━━━ RECORDS TO USE ━━━
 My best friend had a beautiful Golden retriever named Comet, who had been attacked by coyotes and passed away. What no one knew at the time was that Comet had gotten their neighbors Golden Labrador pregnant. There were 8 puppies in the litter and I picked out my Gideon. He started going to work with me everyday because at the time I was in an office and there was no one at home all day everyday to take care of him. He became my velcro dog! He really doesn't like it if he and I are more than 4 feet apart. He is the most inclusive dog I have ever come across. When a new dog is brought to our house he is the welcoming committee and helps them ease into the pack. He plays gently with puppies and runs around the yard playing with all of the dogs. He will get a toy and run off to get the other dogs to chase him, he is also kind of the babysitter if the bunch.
━━━
━━━ RECORDS TO USE ━━━
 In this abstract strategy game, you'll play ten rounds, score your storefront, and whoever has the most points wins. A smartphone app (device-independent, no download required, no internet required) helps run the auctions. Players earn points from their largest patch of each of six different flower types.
━━━
━━━ RECORDS TO USE ━━━
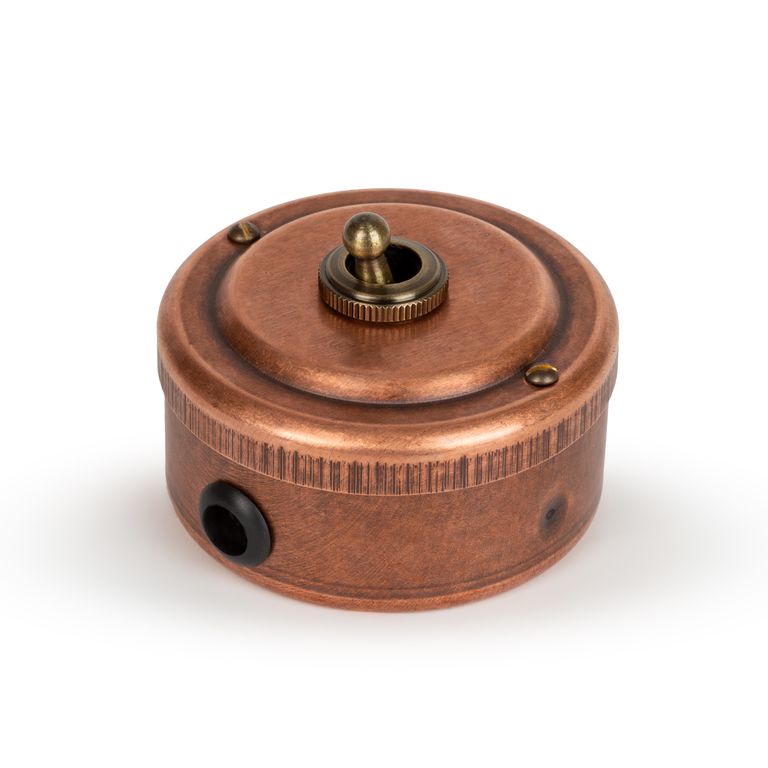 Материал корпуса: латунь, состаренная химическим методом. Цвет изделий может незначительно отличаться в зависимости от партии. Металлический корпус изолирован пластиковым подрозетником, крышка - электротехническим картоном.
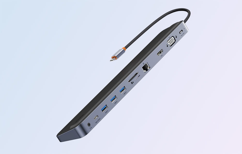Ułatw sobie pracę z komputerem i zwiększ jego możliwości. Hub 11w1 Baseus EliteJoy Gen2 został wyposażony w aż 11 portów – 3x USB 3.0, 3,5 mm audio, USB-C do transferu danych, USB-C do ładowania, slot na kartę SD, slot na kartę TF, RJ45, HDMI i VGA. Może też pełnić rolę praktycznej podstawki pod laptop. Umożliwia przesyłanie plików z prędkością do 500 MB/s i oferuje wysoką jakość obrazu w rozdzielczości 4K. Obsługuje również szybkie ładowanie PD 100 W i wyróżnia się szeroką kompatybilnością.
━━━
Read through the records above and copy the lines that contain "helps".

RESPONSE BOX -
 My best friend had a beautiful Golden retriever named Comet, who had been attacked by coyotes and passed away. What no one knew at the time was that Comet had gotten their neighbors Golden Labrador pregnant. There were 8 puppies in the litter and I picked out my Gideon. He started going to work with me everyday because at the time I was in an office and there was no one at home all day everyday to take care of him. He became my velcro dog! He really doesn't like it if he and I are more than 4 feet apart. He is the most inclusive dog I have ever come across. When a new dog is brought to our house he is the welcoming committee and helps them ease into the pack. He plays gently with puppies and runs around the yard playing with all of the dogs. He will get a toy and run off to get the other dogs to chase him, he is also kind of the babysitter if the bunch.
 In this abstract strategy game, you'll play ten rounds, score your storefront, and whoever has the most points wins. A smartphone app (device-independent, no download required, no internet required) helps run the auctions. Players earn points from their largest patch of each of six different flower types.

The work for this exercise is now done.